* [WORK ORDER] This exercise requires an exact output of the listing, images omitted.

* [INFORMATION SHOWN]
===============

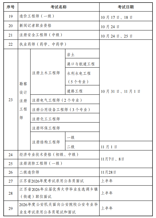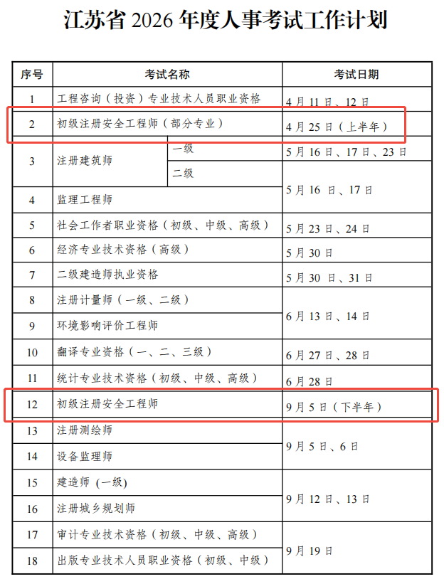 江苏省人力资源和社会保障局发布《江苏省2026年度人事考试工作计划》,2026年江苏初级注册安全工程师职业资格考试时间4月25日(部分专业)、9月5日。
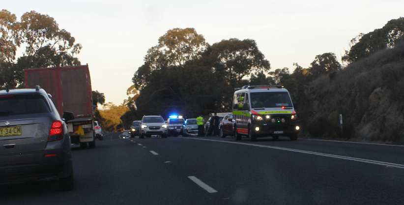 Past the wreckage. I rather think there was a motorcycle involved here, but it was the usual cast of thousands to see to the aftermath.
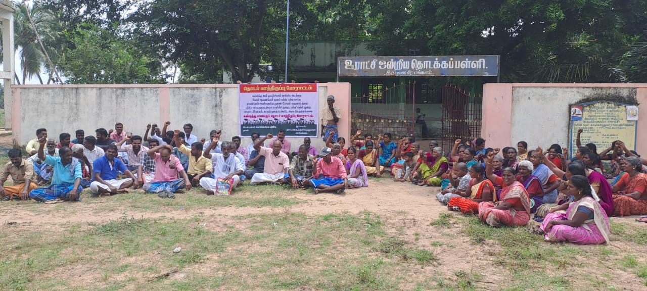 இது குறித்து திருபுவனவீரமங்கலம் கிராம மக்கள் சார்பில் சம்பந்தப்பட்ட அதிகாரிகளுக்கு பல முறை கோரிக்கை மனு கொடுத்தும் இதுவரை அதிகாரிகள் நடவடிக்கை எடுக்கவில்லை. இதனால் ஆத்திரம் அடைந்த கிராம மக்கள் 100க்கும் மேற்பட்ட ஆண்,பெண்கள் திருபுவனஊராட்சி ஒன்றிய துவக்க பள்ளிக்கு முன்புறம் அமர்ந்து பள்ளிக்கு சொந்தமான இடத்தை மீண்டும் பள்ளிக்கு மீட்டு தர வலியுறுத்தி கோஷம் எழுப்பி காத்திருப்பு போராட்டத்தில் ஈடுபட்டனர்.

===============

* [TASK RESPONSE]
 江苏省人力资源和社会保障局发布《江苏省2026年度人事考试工作计划》,2026年江苏初级注册安全工程师职业资格考试时间4月25日(部分专业)、9月5日。
 Past the wreckage. I rather think there was a motorcycle involved here, but it was the usual cast of thousands to see to the aftermath.
 இது குறித்து திருபுவனவீரமங்கலம் கிராம மக்கள் சார்பில் சம்பந்தப்பட்ட அதிகாரிகளுக்கு பல முறை கோரிக்கை மனு கொடுத்தும் இதுவரை அதிகாரிகள் நடவடிக்கை எடுக்கவில்லை. இதனால் ஆத்திரம் அடைந்த கிராம மக்கள் 100க்கும் மேற்பட்ட ஆண்,பெண்கள் திருபுவனஊராட்சி ஒன்றிய துவக்க பள்ளிக்கு முன்புறம் அமர்ந்து பள்ளிக்கு சொந்தமான இடத்தை மீண்டும் பள்ளிக்கு மீட்டு தர வலியுறுத்தி கோஷம் எழுப்பி காத்திருப்பு போராட்டத்தில் ஈடுபட்டனர்.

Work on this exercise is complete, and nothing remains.